Андрей Белый - Серебряный голубь
И, закручивая ус, Дарьяльский пошел к попу, насильно вызывая в душе образ Кати, а под конец затвердил на память любимые строчки из Марциала; но Катя оказалась не Катей вовсе, а вместо строчек из Марциала, неожиданно для себя, он стал насвистывать: «Гоо-дыы заа гаа-даа-мии праа-хоо-дяят гаа-даа… Паа-гии-б я маа-льчии-шка, паа-гииб наа-всии-гда»…
Так неожиданно начался этот день для Дарь-яльского. С этого дня поведем и мы наш рассказ.
Пирог с капустой
– Пфа!…
Это крякнул поп, пропуская с Александром Николаевичем, дьячком, еще по одной и закусывая рыжичками, собираемыми по осень добродетельной попадьей и многочисленными чадами мал мала меньше.

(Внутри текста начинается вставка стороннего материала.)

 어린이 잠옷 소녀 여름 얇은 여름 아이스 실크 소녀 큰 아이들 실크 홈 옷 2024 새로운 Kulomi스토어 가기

Попадья окончила три класса лиховской прогимназии, о чем всегда любила напоминать гостям; на разбитом пьянино игрывала еще она вальс «Невозвратное время» [10]; была дебелая, толстая, с пунцовыми губками, карими, словно вишенья, глазками на очень нежном, почти сахарном лице, усеянном желтенькими веснушками, но с двойным уже подбородком. Вот и теперь она сыпала шутками о поповском житье, о зипунах сиволапых, да о Лихове, суетясь вокруг пылающего паром пирога и нарезывая громадной величины ломти с необъятными стенками и очень тоненькой прослойкой капусты: «Анна Ермолаевна, откушайте еще пирожка!… Варвара Ермолаевна, что ж так мало?» – обращалась она попеременно к шести спелым дочерям помещика Уткина, образовавшим приятный цветник вокруг опрятно накрытого стола; и стоял птичий щебет, исходивший из шести раскрытых розовых ротиков, да попискиванье о всех новостях, происходящих в округе; ловкая попадья едва успевала накладывать пирога, порой давая шлепки не вовремя подвернувшемуся попенку, слюняво жующему краюху и с неумытым носом; в то же время тараторила она больше всех.

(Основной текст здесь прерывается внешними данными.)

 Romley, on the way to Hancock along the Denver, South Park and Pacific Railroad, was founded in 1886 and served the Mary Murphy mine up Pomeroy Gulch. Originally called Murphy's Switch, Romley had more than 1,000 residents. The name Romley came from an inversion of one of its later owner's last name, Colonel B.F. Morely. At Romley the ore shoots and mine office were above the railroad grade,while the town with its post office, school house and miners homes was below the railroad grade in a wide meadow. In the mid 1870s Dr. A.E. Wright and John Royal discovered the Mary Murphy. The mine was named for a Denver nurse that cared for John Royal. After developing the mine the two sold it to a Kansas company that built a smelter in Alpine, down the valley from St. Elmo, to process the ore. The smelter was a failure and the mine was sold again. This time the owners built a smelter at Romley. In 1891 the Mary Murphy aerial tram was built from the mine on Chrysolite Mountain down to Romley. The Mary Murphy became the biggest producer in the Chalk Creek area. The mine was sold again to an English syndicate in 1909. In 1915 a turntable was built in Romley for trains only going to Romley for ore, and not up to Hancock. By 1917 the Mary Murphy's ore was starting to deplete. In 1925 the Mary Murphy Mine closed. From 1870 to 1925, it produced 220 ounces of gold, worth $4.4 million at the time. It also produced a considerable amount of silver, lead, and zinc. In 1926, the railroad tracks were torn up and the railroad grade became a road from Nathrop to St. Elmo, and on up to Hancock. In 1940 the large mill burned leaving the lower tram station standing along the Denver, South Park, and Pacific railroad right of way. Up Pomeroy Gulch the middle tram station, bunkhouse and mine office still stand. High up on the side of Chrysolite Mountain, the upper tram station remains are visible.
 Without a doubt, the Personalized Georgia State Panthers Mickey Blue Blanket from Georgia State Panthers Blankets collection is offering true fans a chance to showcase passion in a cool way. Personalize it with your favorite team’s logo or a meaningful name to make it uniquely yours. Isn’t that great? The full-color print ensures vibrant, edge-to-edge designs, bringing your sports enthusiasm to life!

– Слышали ли вы, матушка, о том, что урядник сказывал, будто самые эти сицилисты показались недалече от Лихова, разбрасывали гнусные свои листы; будто хотят они идти супротив царя, чтобы завладеть «Монопольей» и народ спаивать, будто грамоты царь разослал всюду, пропечатанные золотыми буквами, призывая православных бороться за святую церковь: «пролетарии-де, соединяйтесь!»; говорят, что со дня на день лиховский протоиерей ждет царского послания, чтобы разослать его по уезду… – Так неожиданно выпалил Александр Николаевич, дьячок, дернул рябиновым своим носом, и законфузился, когда шесть девичьих головок, устремленных на него, явное выразили и крайнее презренье…

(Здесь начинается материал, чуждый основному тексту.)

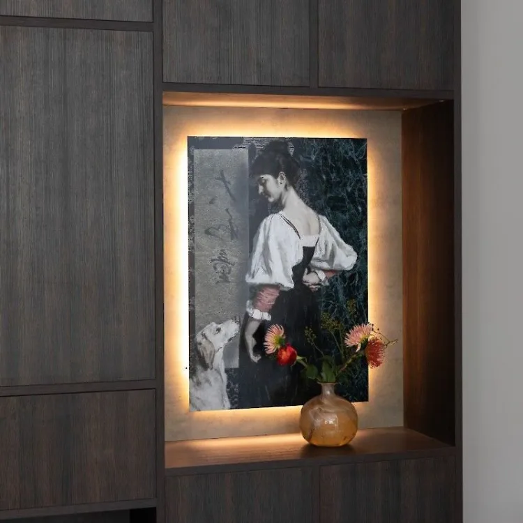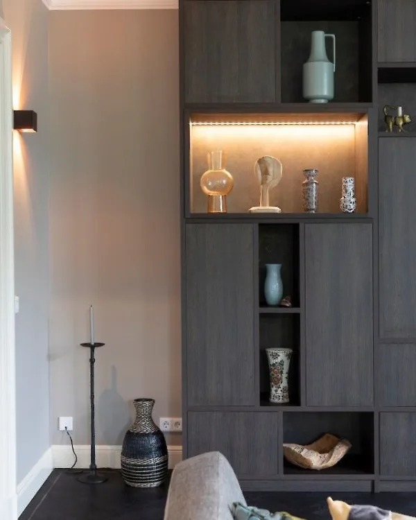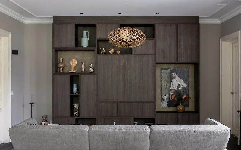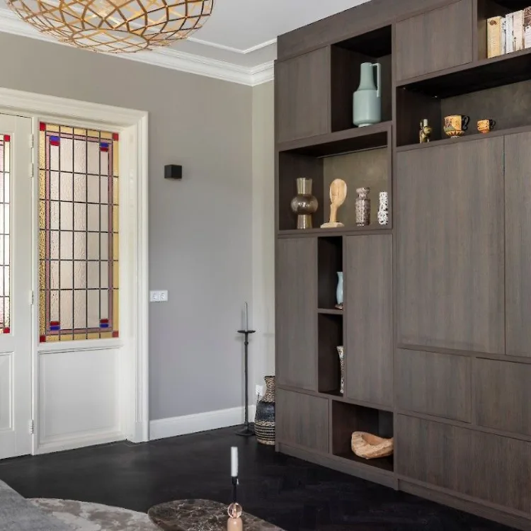 En heb je die kast op maat gezien?! Wat een mooie manier om de televisie in weg te werken. En het geeft bergen opbergruimte en de mogelijkheid om alle leuke spullen van Mike en Marleen te showen. De kast is gemaakt van 28mm plaatmateriaal. De inliggende deuren zijn 18mm en hebben een push-to-open functie. Wat de kast echt uniek maakt is dat er rechts in de kast een schilderij verwerkt waar ledstrips achter geplaatst zijn. De verlichting is dimbaar en werkt met een afstandsbediening. En ohja, de televisie staat achter de gesloten deuren :). Al met al absoluut geen standaard kast!
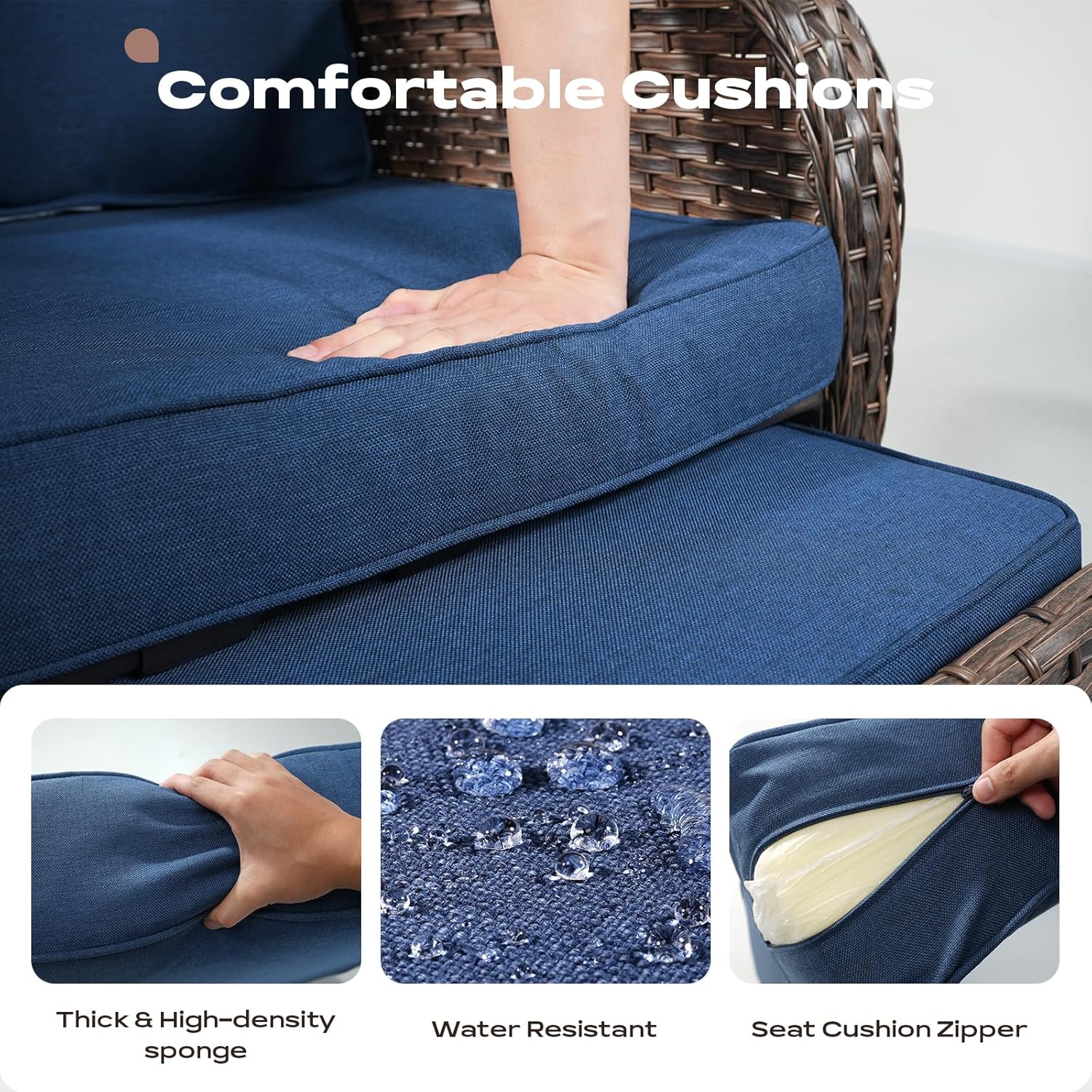 - Built to Last : This outdoor patio conversation set is constructed with hand woven with all-weather PE Rattan & powder-coated steel frame to make the outdoor seating set sturdy and durable for a long lasting outdoor use.

– Пфа! – крякнул поп, наливая Александру Николаевичу наливки. – А ты знаешь, брат, что есть пролетарий?… – И, видя, как то место на дьячковском лбу, где должны бы быть брови (бровей дьячок не носил), изобразило дугу, поп присовокупил с изобразительностью: – Так-то, брат: пролетарий и есть тот, кто, значит, пролетит по всем пунктам, то ись вылетел в трубу…
– Ну, ты это оставь, отец Вукол! – шепнула проходящая попадьиха, обращая свои слова не к приятному и вместе шутливому смыслу поповского пояснения, а к рябиновке, за которой уже не раз протягивался ее благоверный; на что поп буркнул: «Пфа!» и пропустил еще по одной с Александром Николаевичем, дьячком; потом оба они закусили рыжичком.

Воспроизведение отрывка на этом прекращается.